◆ PROBLEM DETAILS ◆
May I please have every record restated word for word, with the images left out?

◆ ENTRIES PROVIDED ◆
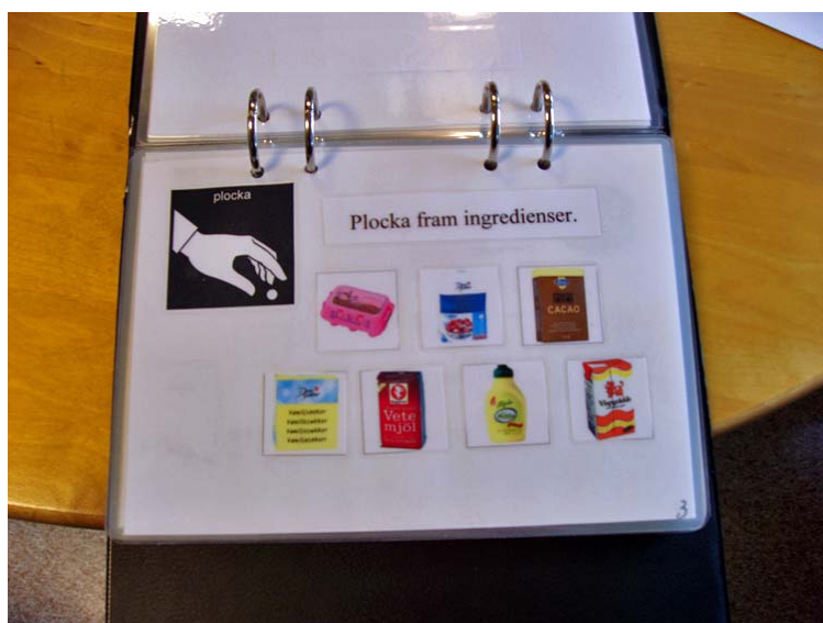
Ett exempel på ett plocka fram blad.

Detta exempel är hämtat från dagverksamhet som gör bildrecept till en särskola.
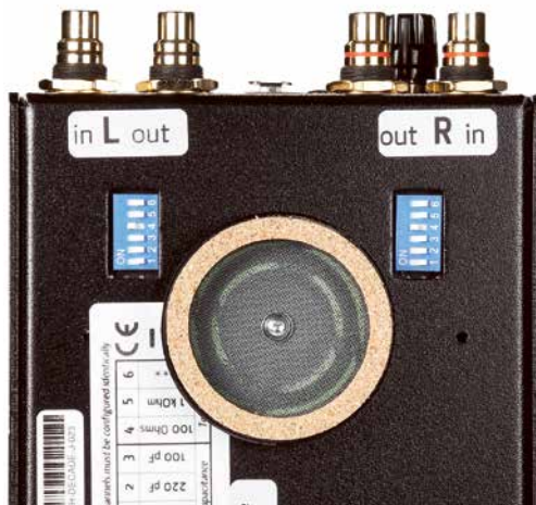
Einstellmöglichkeiten für MM-/MC-Systeme kanalgetrennt; hochwertige Dämpfungfüße
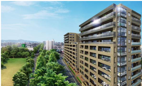
南東側外観と白石東冒険公園 CG (※1)

公園に隣接する希少な立地に 2LDK～4LDK、55.19㎡～90.71㎡の全 20 タイプ、103 邸を計画しています。
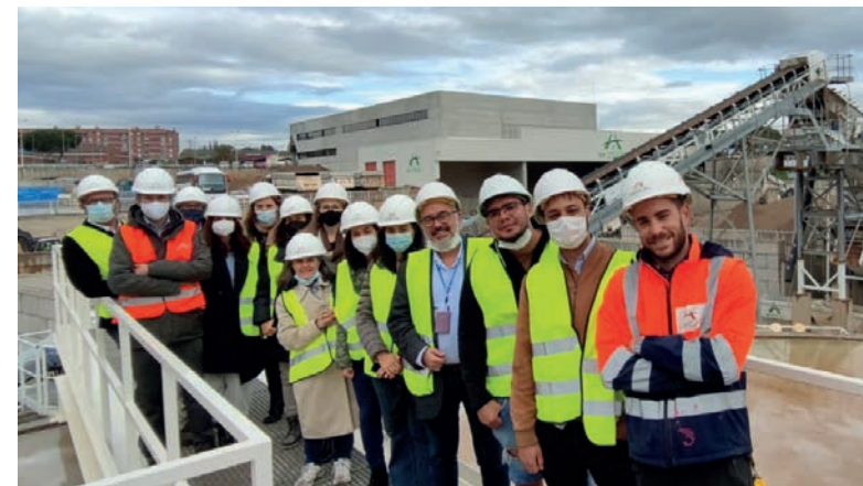
CEHOTSPOT (Convención internacional economía circular) – 16/11/21

◆ TASK OUTPUT ◆
Ett exempel på ett plocka fram blad.

Detta exempel är hämtat från dagverksamhet som gör bildrecept till en särskola.
Einstellmöglichkeiten für MM-/MC-Systeme kanalgetrennt; hochwertige Dämpfungfüße
南東側外観と白石東冒険公園 CG (※1)

公園に隣接する希少な立地に 2LDK～4LDK、55.19㎡～90.71㎡の全 20 タイプ、103 邸を計画しています。
CEHOTSPOT (Convención internacional economía circular) – 16/11/21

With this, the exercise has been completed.